One of the areas of the stock market that’s been particularly hit hard in the COVID-19 downturn is real estate investment trusts.
You’re probably familiar with the concerns that contributed to the drop in REIT prices as the economy locked down in March. One important worry has been the trend to work from home. The other has been the difficulties of bricks-and-mortar retail.
For office REITs, remote working during the lockdowns led many companies to consider permanently increasing work from home arrangements. Some analysts believe this will lead to a sharp reduction in demand for office space.
For retail, the fear is that lockdowns will accelerate the movement toward e-commerce as more consumers get comfortable with the convenience and physical distancing of online shopping.
However, it’s important to note that both these trends were already well-established before the pandemic, and there are reasons to question the common wisdom about them.
On the office front, there’s no doubt the move to more remote working is real and office space will be used differently in the future. However, it doesn’t appear offices will be permanently emptied of workers anytime soon.

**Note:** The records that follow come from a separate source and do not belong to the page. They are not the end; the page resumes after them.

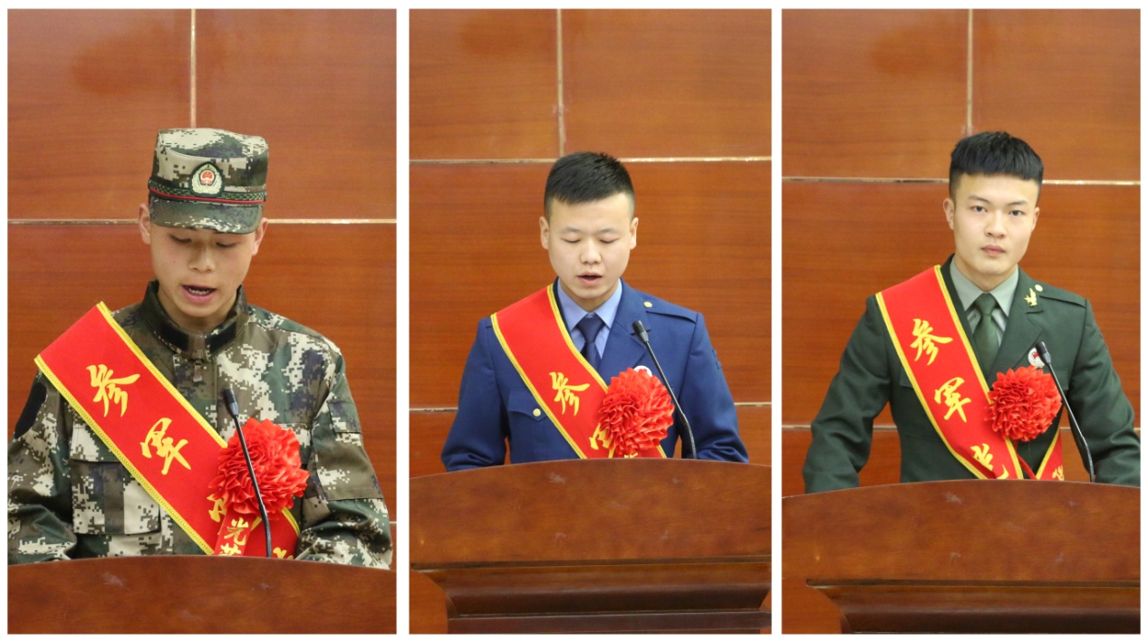 機械制造系學生張進和電子信息工程系學生藺煜明分別代表2019年、2020年退役復學學生發(fā)言,他們講述了自己的從軍經歷和退伍感想,表達了“退役不退志、退伍不褪色”的學習生活態(tài)度,并向新入伍的同學們送去了真誠的祝福。
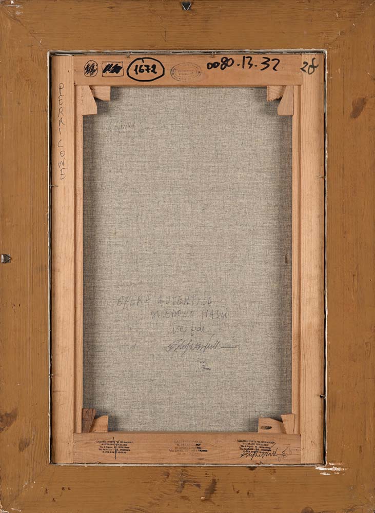 Fiori Firma in basso a destra "Masci". Al verso autentica di pugno a firma non decifrata e timbri della Galleria d'Arte Il Selvaggio, Roma Olio su tela cm 60x40 - in cornice cm 75x55 Certificato di autenticità su fotografia firmato e rilasciato da Sissi Aslam
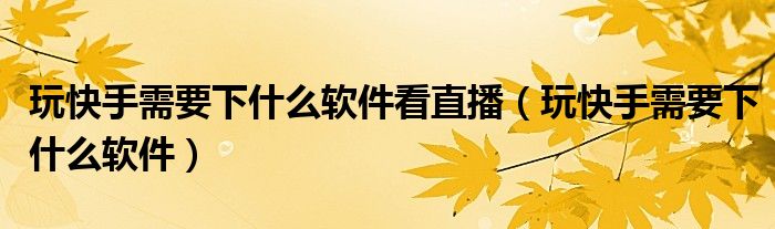 大家好,小晋来为大家解答以下问题,关于玩快手需要下什么软件看直播,玩快手需要下什么软件很多人还不知道,今天让我们一起来看看吧!
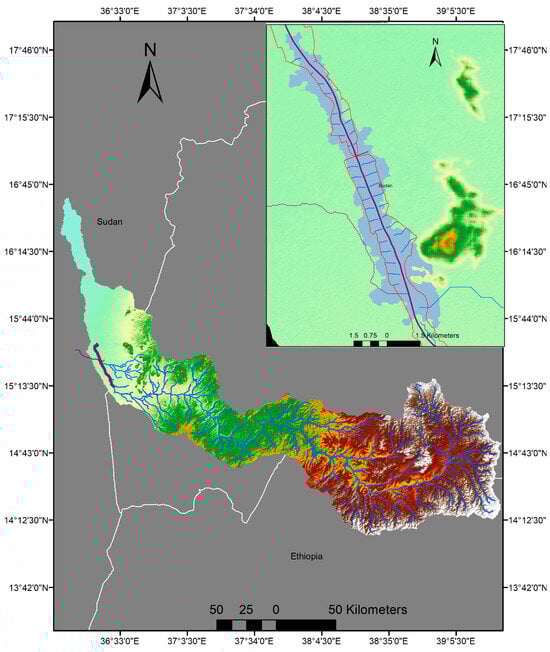 During the rainy season, the Gash River’s flows are highly variable. It is dry from November to June. The rainy season typically begins in June and ends with a succession of flash floods in September []. The steep and irregular topography of the upper third and, partially, the middle third of the basin, inadequate vegetation cover, and unfavorable geological formations, which are linked to poor soil formation and low infiltration rates, are the main causes of flash floods and high sediment load. Flooding has been occurring repeatedly in Kassala town in the downstream plains in the bottom third of the basin; for instance, it has been claimed that major floods occur every 1 to 5 years [].

In a note to clients, TD Equity Research observed that some large tech firms have announced they will allow employees to work from home indefinitely. However, many more companies expect their workforce to return to the office, with more flexible work arrangements in many cases.
The note points to a recent survey of more than 2,300 U.S. office workers by Gensler. It found 70% of office workers want to be in the office for the majority of the week, albeit with increased personal space.
For bricks-and-mortar retail, the situation might not be as gloomy as it seems either. For one thing, the household savings rate in the U.S. and Canada has zoomed higher, bolstered by government income supports and limited opportunities for spending. If confidence returns, consumers could head back to the malls in greater numbers than currently believed.
Elsewhere, people still need places to live and manufacturers still need buildings to make stuff in. So residential and industrial REITs should be fine.
Having said that, we don’t make predictions about the future direction of REITs or any other market, nor do we try to figure out whether any particular investment narrative is correct.
Millions of investors are looking at the market each day and judging the amount of risk they need to be compensated for in return for their expected return. They’ve already priced in the threat of work from home and online shopping to REITs, among many other factors.
Overall, the decline in REIT prices reflects a more muddled outlook for the sector and therefore more risk for investors. For us, it’s an opportunity to be rewarded for prudently taking that risk.
How do we do it? This is where rebalancing becomes so important.
The decline in REIT prices means their weight in portfolios will be below the target set for that asset class. Therefore, we should buy REITs to return them to their target allocation.
It’s not about making bets or guesses. It’s about maintaining discipline.